4
Ужин окончился. Все разошлись по своим спальням, но в душе у каждого не сразу угасли пленительные впечатления пира, каждый улыбался чему-то, пока не смежились глаза. Аслан-Гирей был так одурманен, так ошеломлен, что не мог заставить себя ни лечь, ни заснуть, но и в бодрствовании не находил он покоя, вскипевшая кровь бешено бурлила, образ Элеоноры неотступно преследовал его.
Впервые в жизни почувствовал Аслан-Гирей, что существует некая неведомая власть, способная заставить его склонить голову перед женщиной. До этой ночи красивая женщина была для Аслан-Гирея блаженством, которое небеса посылают мужчине в награду за храбрость; она была его собственностью, безличной игрушкой его страсти. Только в этом он видел назначение женщины и не мог себе представить иного чувства к ней. Поэтому, полюбив женщину, он начинал домогаться ее, но это была игра высшего существа с низшим, и низшее должно было считать себя осчастливленным тем, что пленило мужчину и что он удостоил его своим вниманием.

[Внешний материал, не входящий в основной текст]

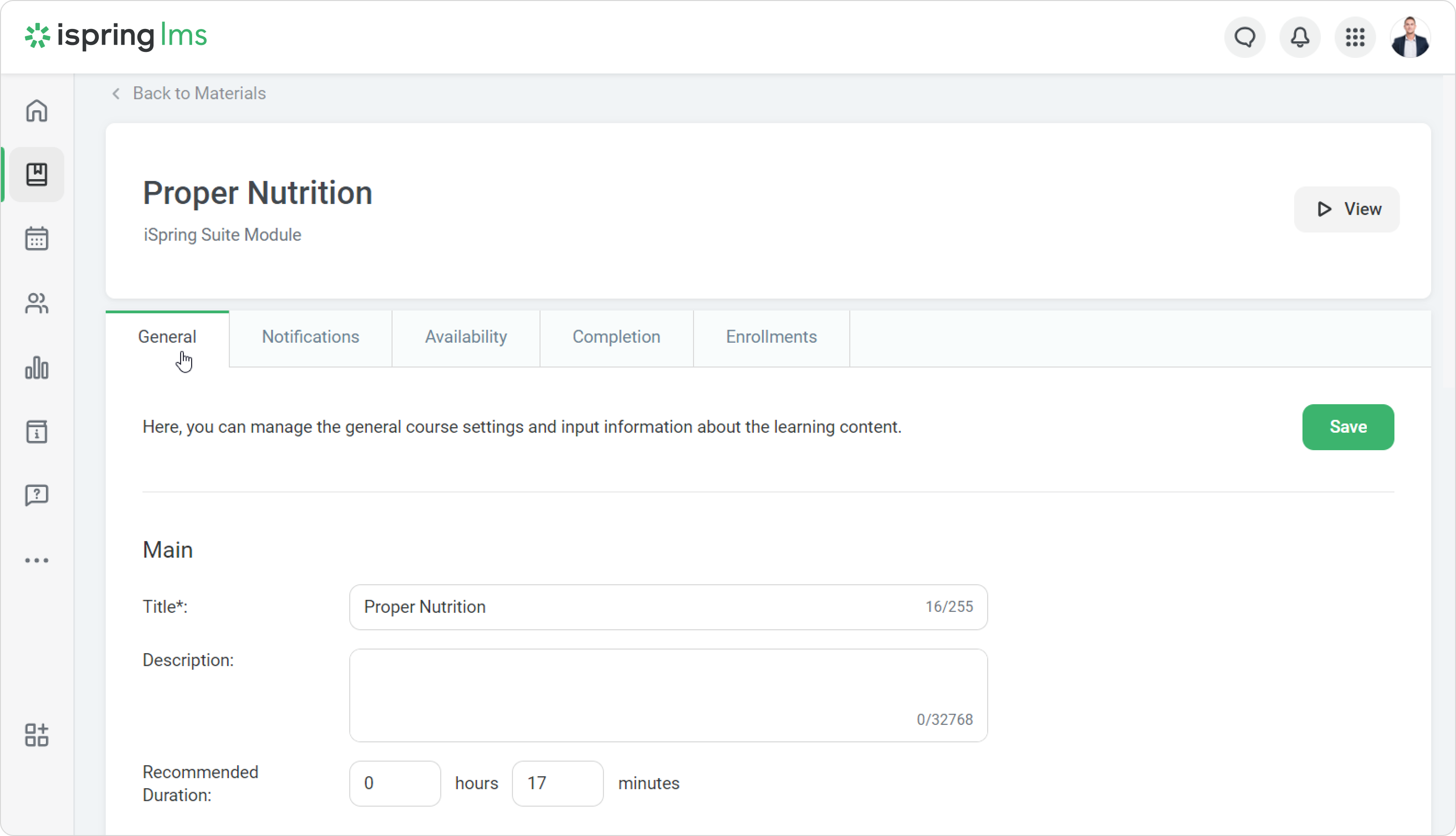 Open the course and go to the Generaltab.
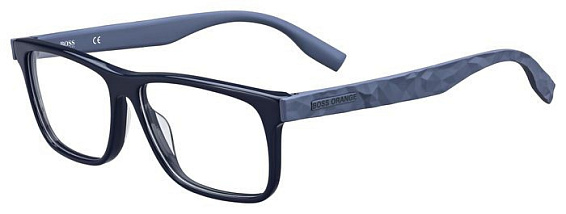 Прямоугольные очки, из материала пластик и цвете синий помогут понять основные черты новой коллекции оправ модного бренда BOSS ORANGE.

Образ Элеоноры сразу покорил Аслан-Гирея, заставил его склонить голову и надменного повелителя превратил в раба, закованного в цепи.
Аслан-Гирей, привыкший только приказывать женщине, теперь робко мечтал удостоиться чести выполнить приказ Элеоноры.
Чуткая от природы, бурная душа жизнелюбивого юноши-горца вдруг вся взметнулась.
Он ложился, снова вставал, открывал глаза и снова закрывал их, – образ Элеоноры неотступно стоял перед ним. О чем бы ни думал он, какое бы слово ни хотел произнести, уста его невольно называли одно только имя. Его неистовое воображение еще сильнее разжигалось действием вина, и Аслан-Гирей почти терял сознание.
В тот самый час, когда юный лезгинский правитель пребывал в столь непривычном для него возбуждении, тень печали блуждала по оживленному лицу Элеоноры, и ее подвижной ум упорно был занят одной мыслью.
Девушка удивлялась самой себе и еще не могла осознать того, что стрела любви пронзила наконец ее нежное, причудливое маленькое сердце.
Элеонора вспоминала слова Аслан-Гирея, так ласково тронувшие ее слух, и тщетно силилась найти в поступках молодого лезгина что-либо смешное. Стоило ей только попытаться прибегнуть к своей обычной уловке, стоило только начать всматриваться в образ лезгина, как вместо смешного ей тотчас же представлялась влекущая улыбка на нежных, тонких губах, одушевленное лицо, сверкание черных огнемечущих глаз, и насмешка слагала оружие, уступая место томительной тревоге.
Элеонора была в своей комнате совершенно одна – Вахтанг Хелтубнели, единственный во всей Грузии, разрешал своей своенравной дочери спать без присмотра нянек.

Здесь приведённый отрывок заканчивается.